Steamboat Springs School District officials hope that re-balancing their director districts will not only bring the school system into compliance with state law but also will prevent the necessity for a similar effort for six more years.
The school district legally is obligated to review its director district boundaries once every four years. Steamboat schools use a director district setup to establish boundaries for representation on the School Board. One person from each of the district's five director districts is elected to serve on the board.
If, during evaluation of the director districts, the school system determines that each director district doesn't have substantially the same population as the other districts, re-balancing is required.
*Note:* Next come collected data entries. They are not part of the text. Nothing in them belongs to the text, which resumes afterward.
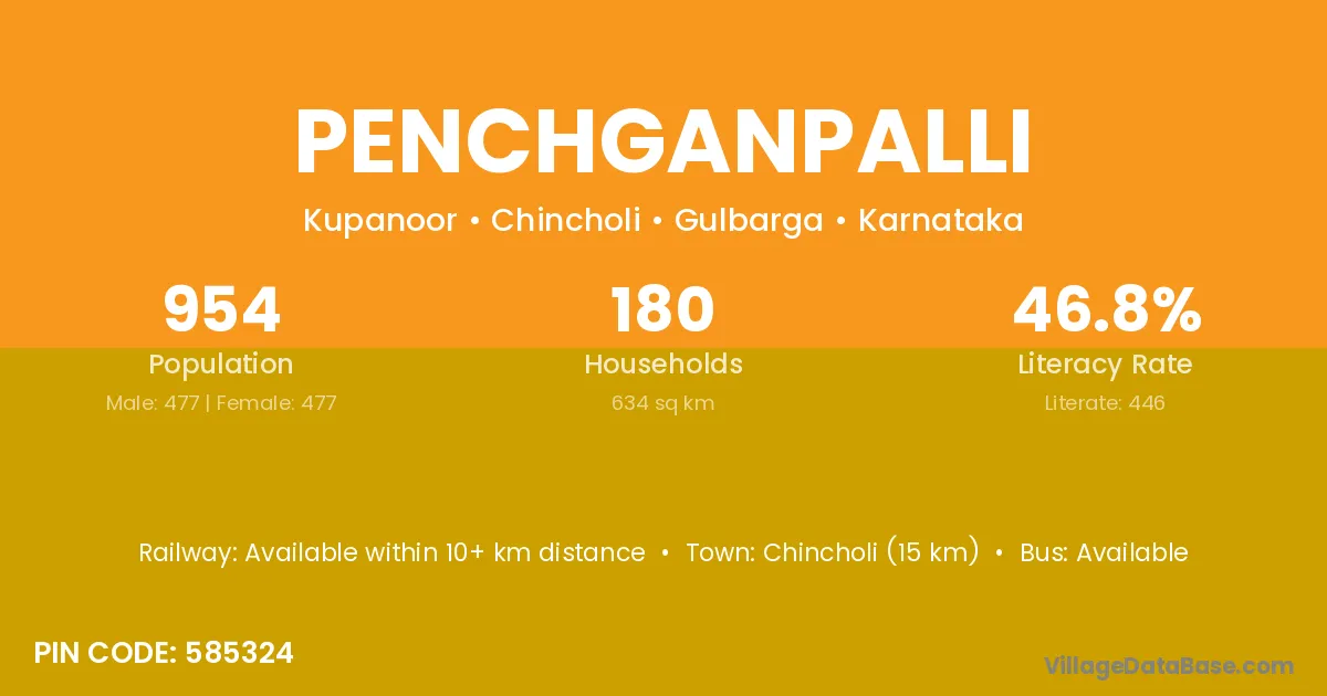 Chincholi (15 km) is the nearest town to Penchganpalli village for major economic activities and is located approximately 15 km away.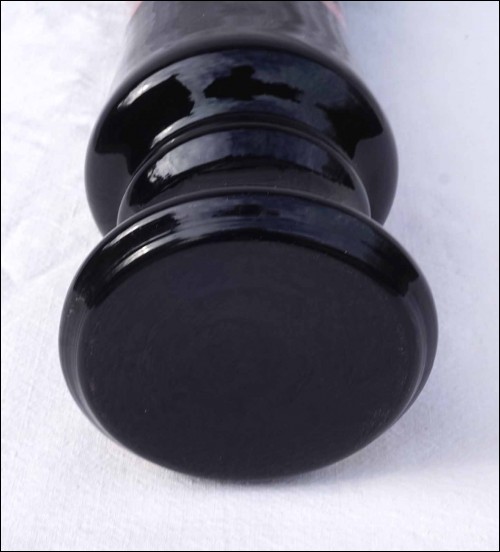 Harrach Bohemian Art Glass Black Enameled Vase Flowers Vintage 1950's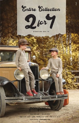 Entire Collection 2 1 for ST ARTIN G DEC 18 5603 PARC AVE // 514.447.8880 SUN 12:00 - 5:00 // MON - THURS 11:00 - 5:30 // FRI 10:30 - 12:00 SHOP ONLINE - POMPOMME.COM 9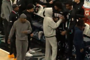 这是……!莫兰特身穿帽衫在替补席与一众队友握手撞胸以示支持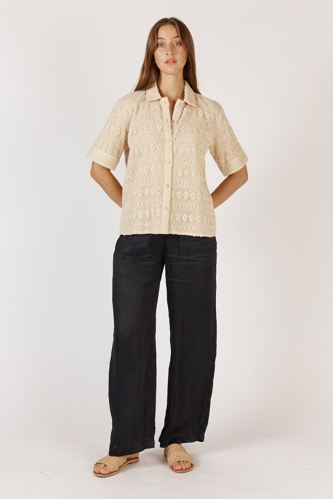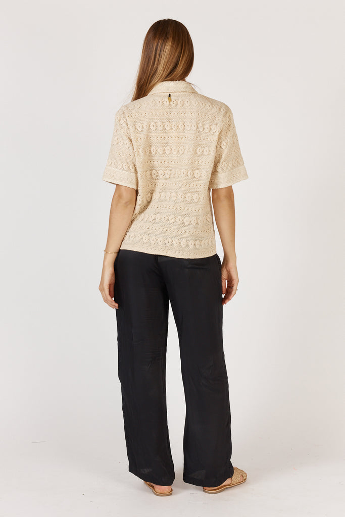 Effortlessly chic, the Rubyyaya Columbus Shirt in Cream is crafted from 100% breathable cotton mesh. Featuring a short sleeve, collared design and luxe diamante buttons, this button-through shirt is perfect for warm weather styling. Designed in Australia, it blends comfort with understated elegance. Gentle machine washable and easy to wear, it's a wardrobe must-have for any season.

The school district realized it hadn't complied with state law after Colorado Mountain College officials requested, before the November 2003 elections, the district's most recent changes to its director districts.
At a September School Board meeting, Superintendent Donna Howell said it appeared the district hadn't balanced its director districts in at least six years.
Mike Holloran, an attorney for the school district, and members of his staff recently determined population data for each of the school's currently configured director districts using 2000 Census information. Holloran discovered large discrepancies in the populations between some of the director districts and, in a letter to Howell dated Dec. 12, advised district officials to meet with him to discuss how best to redraw district boundaries.
"It makes sense to do it right at this time," Howell said. "I would hope we'd be able to finish it within a month."
School Board members Pat Gleason and Jeff Troeger volunteered at the board's Jan. 12 meeting to meet with Holloran to determine the district's best course of action.
Howell said Holloran and his staff will put together a couple of options for the district for re-balancing the districts.
"The majority of the work has been done," she said, referring to Holloran's effort to determine the current population residing within each district. "We've got the information, so it's just a matter of how we'll re-balance it."
The re-districting effort, once complete, should prevent the district from having to do it again until after the next census in 2010, Howell said. She also said she doesn't think re-balancing the districts will affect the standing of the current School Board members.